Nunca veo la película de un libro que quiero leer. Inclusive si eso significa perder la oportunidad de verla en pantalla gigante, sonido estéreo dolby digital (TM). Si alguien me obliga a romper esa regla, dejo que pase mucho tiempo (durante el cual no repito la ofensa) antes de entrarle al libro.

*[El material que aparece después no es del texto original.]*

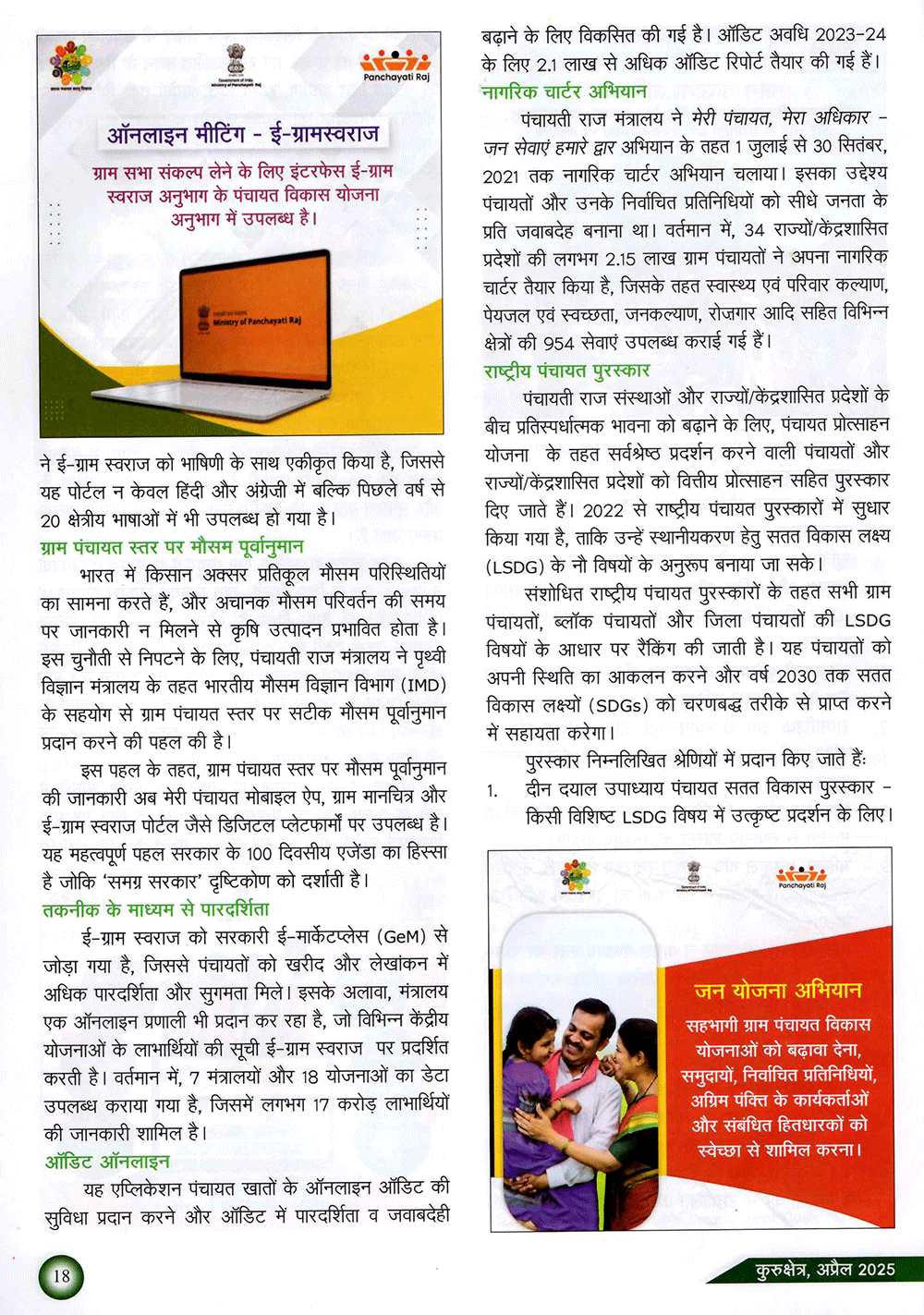 कुरुक्षेत्र : पंचायती राज : उपलब्धियां और चुनौतियां (21-07-2018)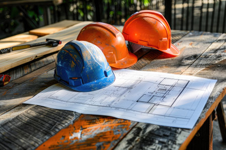 A high-quality image depicting an architectural blueprint on a wooden table, surrounded by essential construction tools and safety gear, capturing the essence of project planning and design.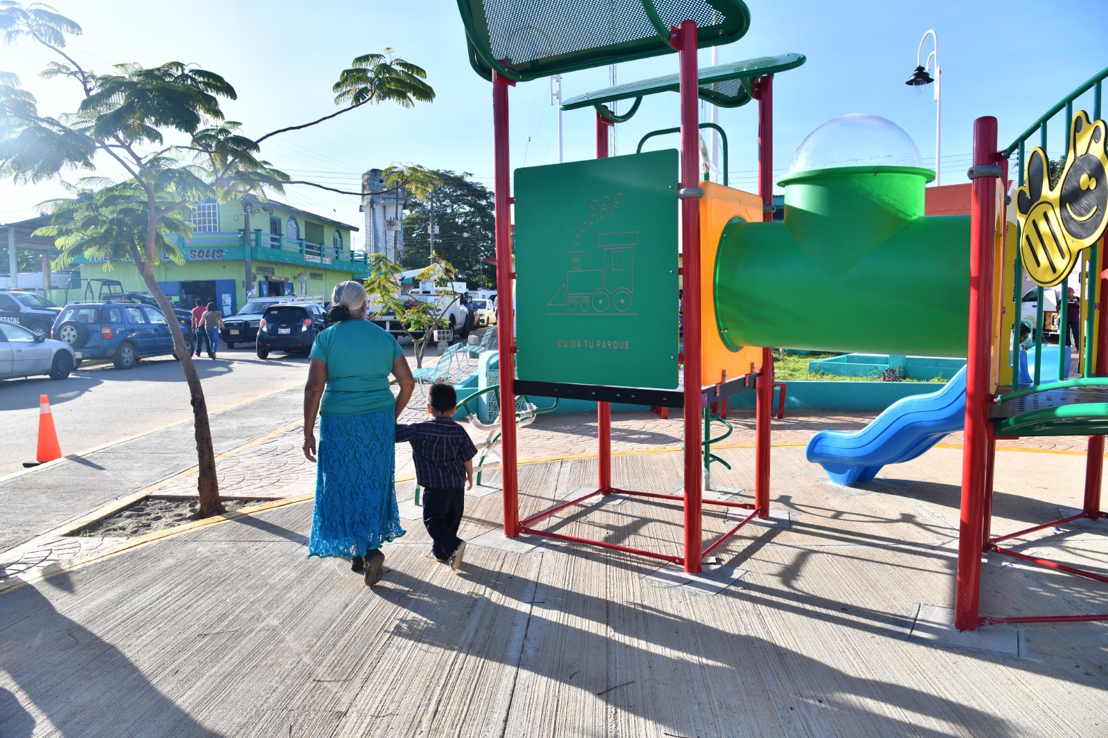 Los trabajos de mejoramiento benefician a una población de más de 1 mil habitantes, e implicaron la reconstrucción de andadores, guarniciones y rampas, además de una cafetería, tres palapas, e instalación de juegos infantiles, mobiliario urbano, y luminarias. En ese lugar, atestiguó la entrega de dos transformadores que contribuirán a reforzar la red de suministro eléctrico.

Durante seis años rodé mi copia de Fight Club, hasta que hace un par de semanas decidí que uno puede ser ignorante por vocación, pero no tanto. Era hora de comprobar si el libro era mucho mejor que la película.
Como lector, da lástima.
Da lástima que la película sea tan buena. Fincher, o quien haya sido el que tuvo la visión para realizar una traducción tan fiel y de paso construir sobre ella, merece una nueva oleada de respeto (la misma que uno podría darle a Kubrick por La Naranja Mecánica y a Cronenberg por Crash). Lástima también que durante los últimos diez años una buena parte de la contracultura se haya apropiado del discurso de Palahniuk y Bret Easton Ellis. Muchos de los argumentos, aunque sean deliciosas construcciones semánticas, suenan repetidos.
(y los teóricos de la conspiración podrían acompañarme en la presunción de que la masificación de los voceros del descontento opera en contra del mensaje fundamental y por lo tanto, no es casual)
Da lástima también, por supuesto, esa absoluta seguridad de que jamás escribiré algo como esta novela… ni siquiera una síntesis como esta frase:
After a night in fight club, everything in the real world gets the volume turned down. Nothing can piss you off. Your word is law, and if other people break that law or question you, even that doesn’t piss you off.
Al igual que cuando vi la película, perdí la cuenta de los momentos en los que sentí que el narrador me estaba hablando únicamente a mí.
Busqué sin éxito un link al capítulo 6, que es el cuento a partir del cual nació la novela. Todavía estoy tratando de imaginarme en qué emisora tienes que estar sintonizado para digerir esa historia en 1996.